Progressive measurability implies adaptedness

Question

I've read that every progressively measurable process is also adapted, but I can't prove it using the definition of measurability. Can anyone give me a proof of this result ?

Answer 1

It seems to me that this fact is a great example of something that is evident to someone experienced, but in fact confuses a great many students by being labeled as such with no explanation, myself included.

First, let's lay down some definitions. Let $(\Omega,\mathcal F, P)$ be a probability space and $\mathcal F_t$ a filtration on it.

The process $(X_t)_{t\geq 0}$ is

• adapted if $X_t:\Omega \to \mathbb R$ is $\mathcal F_t$ measurable for each $t\geq 0$
• progressively measurable if $X:[0,t]\times \Omega \to \mathbb R$ is $\mathcal B([0,t])\otimes \mathcal F_t$ measurable for each $t>0$

In terms of sets, this means

• Adapted: $\{\omega: X_t(\omega) \in B\}\in \mathcal F_t$ for all, $t\geq 0 , B\in \mathcal B(\mathbb R)$:
• Progressively measurable: $\{ (s,\omega): X_s(\omega) \in B \} \in \mathcal B([0,t])\otimes \mathcal F_t$ for all $t>0, B \in \mathcal B(\mathbb R)$

The key realization is that the set $\{\omega: X_t(\omega) \in B\}$ is, in fact, a cross-section (or slice) of the set $\{ (s,\omega): X_s(\omega)\in B\}$ at the point $t$, which yields the implication progressively measurable $\Rightarrow$ adapted.

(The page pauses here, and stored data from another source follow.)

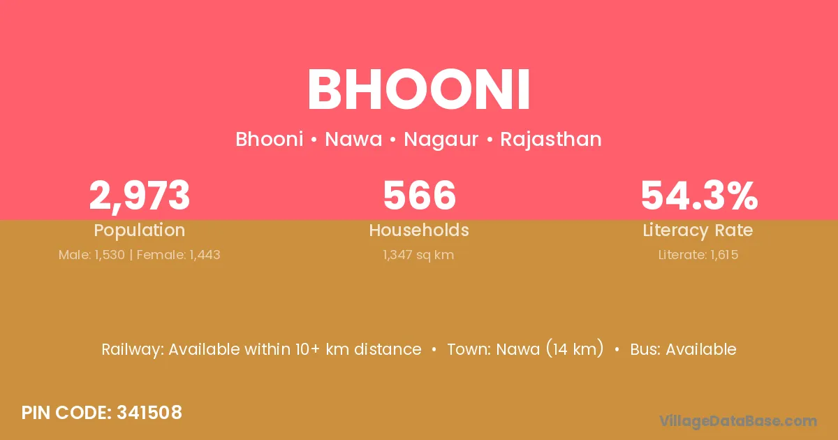 Nawa (14 km) is the nearest town to Bhooni village for major economic activities and is located approximately 14 km away.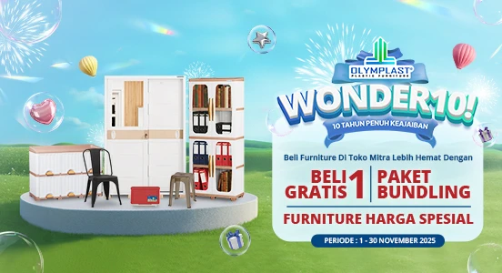 Jangan ragu memilih penyimpanan dari Olymplast. Desain modern akan membuat ruangan lebih lega.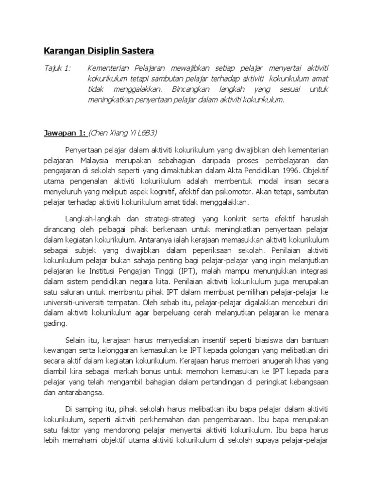Kokurikulum diwujudkan dengan berdasarkan kepercayaan bahawa semua orang harus mempunyai perseimbangan antara perkembangan mental, rohani dan jasmani. Berikut adalah takrifan hasil carian kokurikulum yang boleh didapati dalam kamus tersebut: Aktiviti kokurikulum mempunyai kesan yang positif terutamanya terhadap peningkatan disiplin. Menyediakan prasarana dan pendidikan akademik yang holistik. Kokurikulum merupakan satu saluran pembelajaran yang berasaskan gerak kerja yang terancang. Kokurikulum dapat meningkatkan disiplin pelajar. Kepentingan perhimpunan rasmi sekolah ★(bahagian a spm 2020). Oleh itu, media massa menjadi faktor yang berupaya. Kegiatan kokurikulum ialah aktiviti di luar bilik darjah. Masyarakat semakin kecewa dengan keg agalan. Akhirnya , masalah disiplin pelajar menjadi lebih serius dan mereka terjebak ke dalam kancah pengetua sekolah haruslah memberikan nasihat dan teguran untuk menyedarkan remaja bahawa pentingnya kokurikulum dan akademik dalam. Majlis perhimpunan kokurikulum diadakan pada minggu ke 3 setiap bulan. Disiplin pelajar iaitu suasana sekolah, pengajaran dan pembelajaran, pentadbiran dan guru.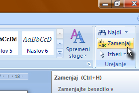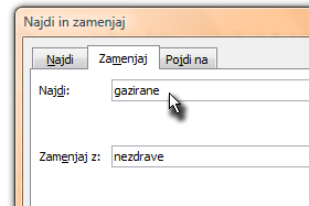 Poleg funkcije zamanjaj, pa lahko uporabljamo tudi samo funkcijo najdi.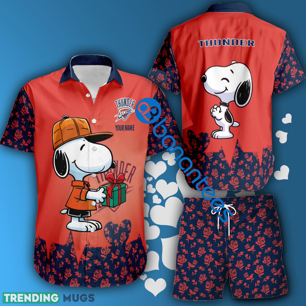 Get ready to showcase your love for the NBA and your favorite team, the Oklahoma City Thunder, with our exclusive Snoopy Gift Boyfriend and Girlfriend Hawaiian Shirt and Short Set! Designed to add a touch of style and fandom to your summer wardrobe, this custom name set is the perfect way to show off your support in a unique and fashionable way.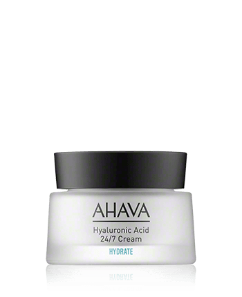 Die AHAVA Hydrate Hyaluronic Acid 24/7 Cream ist eine intensive Feuchtigkeitspflege für trockene Haut. Sie verspricht eine Langzeitwirkung für den ganzen Tag oder die Regeneration über Nacht. Neben Hyaluronsäure enthält die Creme zudem den AHAVA Osmoter, einen Mineralien- und Pflegekomplex aus den speziellen Mineralstoffen des Toten Meeres. Die Pflege ist parabenfrei und auch vegan.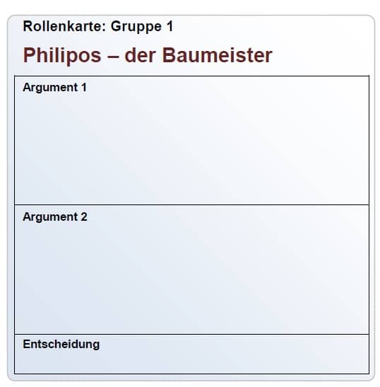1 | Eure Klasse wird in sechs Gruppen aufgeteilt – am besten zählt ihr einfach immer von 1 bis 6 durch. Dann sollt ihr euch in eurer Gruppe treffen und diskutieren, welche Argumente aus der Tabelle zu eurer Rolle passen. Trefft eine Entscheidung, ob ihr für oder gegen die Verbannung des Perikles seid. Um eure Argumente und die Entscheidung festzuhalten, sollt ihr eine Rollenkarte nach folgendem Schema anfertigen:

The measurability of cross-sections is typically introduced in measure theory courses/books when introducing product measures and can be shown by a standard measure theoretic argument.

Answer 2

On this basic issue, many textbooks make a basic mistake, they state that: for a measurable subset $E$ defined in a product measure space $(X\times Y,\mathcal{A}\times \mathcal{B},\mu\otimes \nu)$, the $x$-sections of $E$, $\{y\in Y:(x,y)\in E\}$ are measurable for all $x\in X$. In fact, this is not the case in general. Fubini's theorem tells us that these sections are measurable only for almost all $x\in X$ (for a proof, see Section 20.1 of Royden's Real Analysis).

Here is a correct answer of your question:

Question. Let $X=(X_t)_{t\geq 0}$ be a progressively measurable stochastic process on $(\Omega,\mathscr{F},(\mathscr{F}_t),\mathbb{P})$, i.e., for each $t\geq 0$, restricted on $\Omega\times [0,t]$, $X$ is $\mathscr{B}([0,t])\times \mathscr{F}_t$-measurable. Then $X$ is adapted w.r.t. $(\mathscr{F}_t)$.

Proof. Let $t\geq 0$ be arbitrary, note that \begin{equation} (\Omega,\mathscr{F}_t)\stackrel{f}{\longrightarrow}([0,t]\times \Omega,\mathscr{B}([0,t])\times \mathscr{F}_t)\stackrel{g}{\longrightarrow}(\mathbb{R},\mathscr{B}(\mathbb{R})), \end{equation} \begin{equation} \omega\mapsto (t,\omega)\mapsto X_t(\omega)=X(t,\omega). \end{equation} By the progressive measurability of $X$, $g$ is measurable; to prove $g\circ f$ is measurable, it suffices to show $f$ is measurable.

It's well known that the collection of subsets of $[0,t]\times \Omega$: \begin{equation} \mathscr{G}=\{(a,b]\times A:0\leq a\leq b\leq t,A\in \mathscr{F}_t\} \end{equation} generates the product $\sigma$-algebra $\mathscr{B}([0,t])\times \mathscr{F}_t$; moreover, $\mathscr{G}$ is a $\pi$ system. Now we consider the collection of subsets of $[0,t]\times\Omega$: \begin{equation} \mathscr{C}=\{E\in \mathscr{B}([0,t])\times \mathscr{F}_t:f^{-1}(E)\in \mathscr{F}_t\}. \end{equation} We can easily verify that $\mathscr{C}$ is a Dynkin system and $\mathscr{G}\subseteq \mathscr C$. By Sierpiński-Dynkin's $\pi$-$\lambda$ theorem, we obtain: $\mathscr{C}= \sigma(\mathscr{G})=\mathscr{B}([0,t])\times \mathscr{F}_t$, that is to say, $f$ is measurable. The proof is complete.